Sunday, December 25, 2011

Malware Analysis Tutorial 8: PE Header and Export Table

Learning Goals:

  1. Understand the portable executable (PE) header of binary executables.
  2. Understand the EXPORT TABLE.
  3. Practice disassemble and reverse engineering techniques.
Applicable to:
  1. Operating Systems.
  2. Computer Security.

1. Introduction

In this tutorial, we will analyze the first harmful operation performed by Max++. It changes the structure of the export table of ntdll.dll.

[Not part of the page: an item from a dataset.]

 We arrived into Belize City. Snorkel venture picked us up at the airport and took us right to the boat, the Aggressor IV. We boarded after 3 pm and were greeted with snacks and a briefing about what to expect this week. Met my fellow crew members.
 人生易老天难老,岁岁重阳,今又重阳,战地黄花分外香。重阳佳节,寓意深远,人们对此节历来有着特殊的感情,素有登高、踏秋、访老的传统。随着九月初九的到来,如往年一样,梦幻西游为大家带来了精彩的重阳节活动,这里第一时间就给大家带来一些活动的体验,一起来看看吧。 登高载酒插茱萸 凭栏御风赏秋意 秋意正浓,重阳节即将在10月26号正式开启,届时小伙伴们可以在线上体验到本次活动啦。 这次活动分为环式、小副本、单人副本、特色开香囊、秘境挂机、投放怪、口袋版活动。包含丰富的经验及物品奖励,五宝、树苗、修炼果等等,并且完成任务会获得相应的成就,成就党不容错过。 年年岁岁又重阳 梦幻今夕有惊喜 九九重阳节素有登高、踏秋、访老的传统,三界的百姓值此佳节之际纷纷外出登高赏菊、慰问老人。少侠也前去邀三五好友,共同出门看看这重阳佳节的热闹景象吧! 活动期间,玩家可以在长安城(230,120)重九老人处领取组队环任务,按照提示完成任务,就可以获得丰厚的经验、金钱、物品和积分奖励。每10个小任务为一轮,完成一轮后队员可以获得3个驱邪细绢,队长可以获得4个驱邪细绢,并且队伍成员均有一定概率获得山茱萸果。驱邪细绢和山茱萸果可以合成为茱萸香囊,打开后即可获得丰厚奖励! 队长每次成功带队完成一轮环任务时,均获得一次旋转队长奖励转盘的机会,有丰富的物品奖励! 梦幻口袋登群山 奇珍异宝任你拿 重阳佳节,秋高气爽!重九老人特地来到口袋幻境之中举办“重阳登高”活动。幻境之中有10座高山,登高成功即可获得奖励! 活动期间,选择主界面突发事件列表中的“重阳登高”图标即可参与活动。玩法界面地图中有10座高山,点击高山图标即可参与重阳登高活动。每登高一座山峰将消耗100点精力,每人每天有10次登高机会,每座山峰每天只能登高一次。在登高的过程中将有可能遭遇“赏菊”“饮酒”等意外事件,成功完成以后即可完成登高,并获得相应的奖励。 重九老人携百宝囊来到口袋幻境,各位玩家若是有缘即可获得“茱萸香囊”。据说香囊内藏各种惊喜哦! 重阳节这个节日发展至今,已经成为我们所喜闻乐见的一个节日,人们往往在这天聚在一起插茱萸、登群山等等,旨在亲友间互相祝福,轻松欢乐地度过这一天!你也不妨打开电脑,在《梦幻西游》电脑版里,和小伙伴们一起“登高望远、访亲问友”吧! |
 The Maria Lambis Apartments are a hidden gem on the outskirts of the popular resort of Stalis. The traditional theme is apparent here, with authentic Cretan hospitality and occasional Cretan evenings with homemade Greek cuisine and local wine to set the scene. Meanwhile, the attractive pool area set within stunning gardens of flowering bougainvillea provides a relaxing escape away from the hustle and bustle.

Recall the analysis of Max++ in Tutorial 7, the malware reads the information in TIB and PEB, and examines the loaded modules one by one, until it encounters "ntdll.dll" (this is accomplished using a checksum function inside a two layer nested loop).

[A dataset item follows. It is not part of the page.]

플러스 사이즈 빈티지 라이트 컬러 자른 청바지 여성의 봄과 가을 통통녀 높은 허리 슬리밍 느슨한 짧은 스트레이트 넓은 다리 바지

In this tutorial, we will reverse engineer the code starting at 0x40105C.

2. Background Information of PE Header
Any binary executable file (no matter on Unix or Windows) has to include a header to describe its structure: e.g., the base address of its code section, data section, and the list of functions that can be exported from the executable, etc. When the file is executed by the operating system, the OS simply reads this header information first, and then loads the binary data from the file to populate the contents of the code/data segments of the address space for the corresponding process. When the file is dynamically linked (i.e., the system calls it relies on are not statically linked in the executable), the OS has to rely on its import table to determine where to find the entry addresses of these system functions.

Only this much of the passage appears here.